Trotz seiner vielschichtigen Vernetzung ist IL PRINCIPE kein kompliziertes Spiel. Der Ablauf der Spielphasen ist schnell verstanden, nur die Verteilung der Rollenkarten und die Nutzung der jeweiligen Sondereffekte erscheint etwas aufwändig. Spätestens nach dem ersten Eingewöhnungsspiel, läuft alles zügig und schnell im Stundenrhythmus ab. Dabei muss man die Siegpunktskala stets im Blick behalten. Einerseits werden die Punkte nämlich sehr kleinschrittig gesammelt, das ist auch am Ende so, andererseits sollte man deshalb besonders die großen Wertungen beim Städtebau und bei den Wappen in den Regionen nicht vergessen.
Beim Kampf um die Rollenkarten sind Marktplätze und Schlösser besonders zu beachten, da sie Wappenablage und Geld bringen. Die Privilegien erhält man ebenfalls aus der zweiten Position, die zudem keinen Kartenverlust bringt. Auch das ist spieltaktisch zu berücksichtigen, wobei man immer daran denken muss, dass leider in dieser Phase wieder Geld im Versteigerungsfall benötigt wird. Im Zeitalter der Renaissance haben die Adelsvertreter der im Spiel vertretenen Familien mit Geld nur so um sich geworfen, das funktioniert im Spiel leider nicht. Im Geldbeutel herrscht Ebbe. Mit dem Problem haben aber alle zu kämpfen, Meister Schmalhans greift allen in die Taschen. Wer es etwas großzügiger haben möchte, kann die Spielvariante nutzen, bei der es zehn Startdukaten und sechs Rundentaler gibt. Aber auch das relativiert sich durch die Versteigerungsrunden. Amigo hat das Mehrheitenspiel gut umgesetzt und bietet es äußerst preisgünstig an, so dass es nur heißen kann: Unbedingte Kaufempfehlung!
Titel: IL PRINCIPE
Autor: Emanuele Ornella
Verlag: Amigo
Spieler: 2- 5
Alter: ab 12 Jahren
Spieldauer: ca. 90 Minuten
Spiel 11/2007 1996 R176/2021
Die Rezension erschien 2007 unter www.spiel-und-autor.de
Wertung Spielreiz damals 8 von 10 Sternen,
das entspricht: Gerne morgen wieder
Zum Spiel und dem Autor:
Der in Padua lebende 49jährige Italiener Emanuele Ornella ist Spieleerfinder und Softwareentwickler. Seine Autorentätigkeit startete er im Eigenverlag Mind the Move 2003 mit FANTASY PUB, es folgten die erfolgreichen Spiele OLTRE MARE (2004) und IL PRINCIPE (2005), die beide Amigo in Deutschland lokalisierte.

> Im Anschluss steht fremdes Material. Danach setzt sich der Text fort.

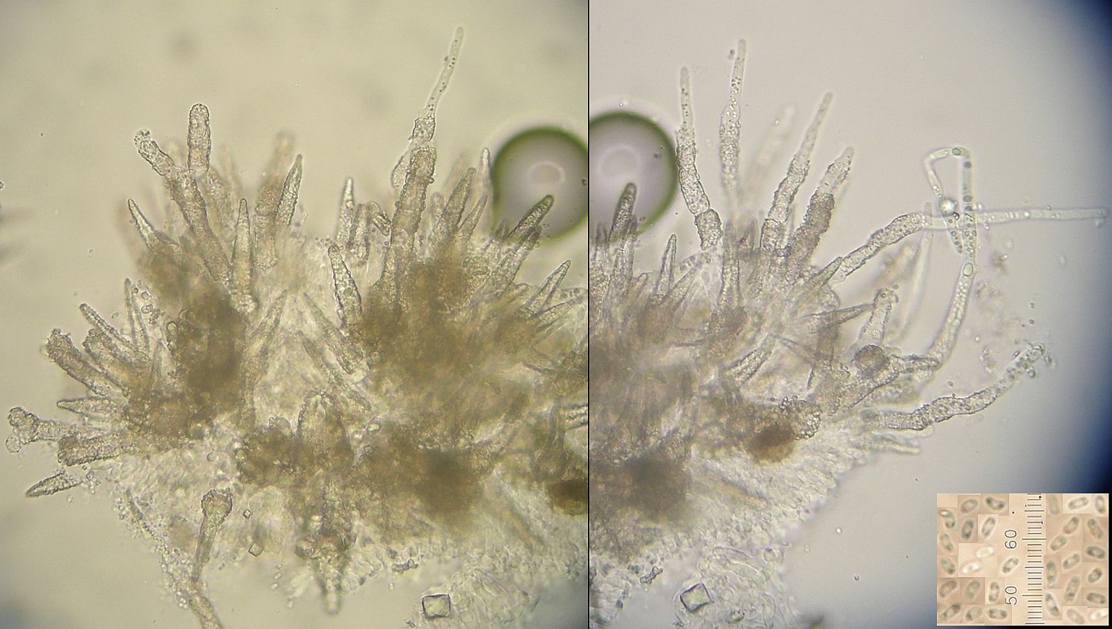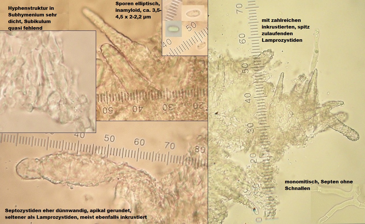 Wie man sieht sind die Stacheln winzig, der Fruchtkörper hat eine wachsartige Konsistenz und lässt sich sehr gut vom Substrat (ein Stück Laubholz Ast das halb in ein leeres Bachlauf stand) abschaben. Ein Blick in die Tiefe zeigt einen massiven vorkommen von Dickwandige Lamprocistiden.

Erfolgreich war Ornella außerdem mit dem Kartenspiel BYZANZ (Amigo, 2008), mit dem er auf dem zweiten Platz beim kartenspielpreis der Fairplay landete. Für PIONEERS (Queen Games 2017) zeichnete ihn die Jury Spiel des Jahres mit einem Platz auf der Empfehlungsliste 2018 aus.
IL PRINCIPE wird mit über 1200 Wertungen mit einer Note von 6,4 auf Rang 3168 im BGG-Ranking (Stand 01.10.21) geführt.